C’est bien souvent un alibi pour ne pas
réfléchir de manière plus globale à
l’orientation des institutions concernées.
Pourtant, des solutions innovantes
peuvent émerger des processus de
concertations et nourrir des
instances décisionnelles ?
Je m’explique. La concertation ne doit, par
exemple, pas dissimuler la pénurie de
logements disponibles. Des moyens
importants sont alloués au développement
de l’accompagnement social pour garantir
une certaine sécurité aux bailleurs. Certes,
c’est important d’être à l’écoute des
difficultés sociales là où elles s’expriment.
Néanmoins, cette réponse « micro »
dispense parfois d’apporter davantage de
réponses « macro » en termes de
politiques de l’habitat, de l’emploi, de
l’aménagement du territoire et de santé
publique. Les bricolages inventifs des
professionnels de terrain, le
développement du réseau, les
partenariats… tout cela est très riche en ce
qu’il conduit à reformuler des limites, des
frontières, des compétences. Je trouve
cependant que tout le savoir qui s’échange
là ne remonte pas beaucoup et n’est pas
tellement pris en compte au niveau des
politiques plus globales. Il y a là un hiatus
qui est problématique.
La concertation semble au moins
bénéfique à l’usager, puisqu’il arrive
souvent que des solutions soient
proposées au cas par cas ?
Chaque institution ne s’adresse pas au
même public. Un médecin s’adresse à un
patient ou à un malade (ce qui n’est déjà
pas tout à fait la même chose), un
psychiatre à un patient, un usager de la
psychiatrie ou de la santé mentale. Chez
les professionnels de l’habitat, il s’agit de
locataire, de résident, d’habitant ou de
client. Quant aux acteurs de l’action
sociale, ce peut être des usagers, des
bénéficiaires ou des consommateurs. Bref,
selon la dénomination, l’angle sous lequel
est abordé la personne n’est pas le même.

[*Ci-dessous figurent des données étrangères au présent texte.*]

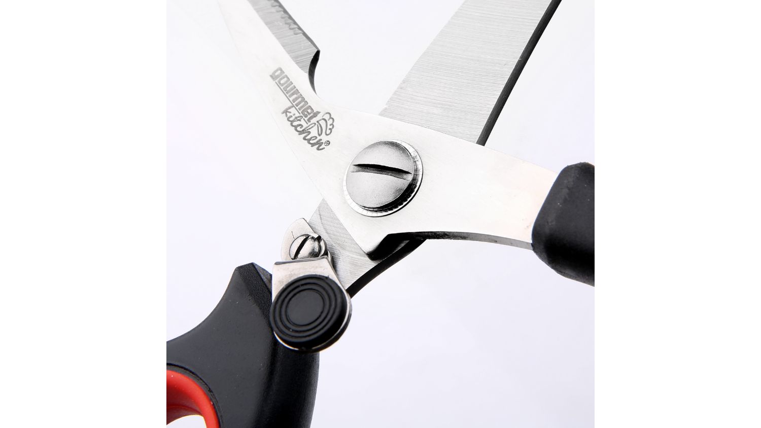 Unlock a new level of kitchen convenience and cut effortlessly with the Gourmet Kitchen Multi-Purpose Kitchen Scissors! It features a high-grade rivet, micro-serrated blade edge, and comfortable handles, taking the hard work out of your cutting tasks. It is also crafted from thick, corrosion-resistant stainless steel, so it is built to last.

Il est important d’avoir conscience de
cette pluralisation de l’individu. D’un côté,
je suis pluriel pour les institutions, de
l’autre, je suis une seule et même
personne. Il y a une tentation bien
compréhensible à dire qu’une prise en
charge globale est nécessaire, qu’il y en a
assez de la parcellisation des dispositifs,
etc. Néanmoins, dans ce mouvement, il y
a un risque de toute puissance en croyant
que l’intervention va avoir une prise sur
l’ensemble de l’individu, avec forcément
des conséquences sur sa liberté, son
autonomie, son indépendance, son
intimité et sa vie privée.
Cette tendance à la prise en charge
globale au moment de la concertation
présente des dangers pour la personne :
comment évaluer jusqu’où cette
globalisation lui sera bénéfique ?
Pourriez-vous donner un exemple ?
Un locataire ne souhaite pas forcément
que ses voisins ou son bailleur social
sachent qu’il est régulièrement hospitalisé
en psychiatrie parce qu’il est schizophrène,
dépressif ou autre. Il a besoin d’être
considéré comme simple voisin, ou simple
locataire. L’interlocuteur qui s’occupe de
son logement n’a pas à le considérer
comme malade ou handicapé. Ce qui ne
veut pas dire que cette même personne
n’ira pas un jour se présenter pour
expliquer un impayé ou faire respecter un
droit en disant « je suis malade/je suis
handicapé ». C’est une démarche
différente. La concertation amène
rapidement à la question du secret
professionnel. Les informations qui sont
partagées vont avoir un impact sur la
manière dont la personne va être
considérée et sur la violence qui va être
faite à son identité sociale ou personnelle.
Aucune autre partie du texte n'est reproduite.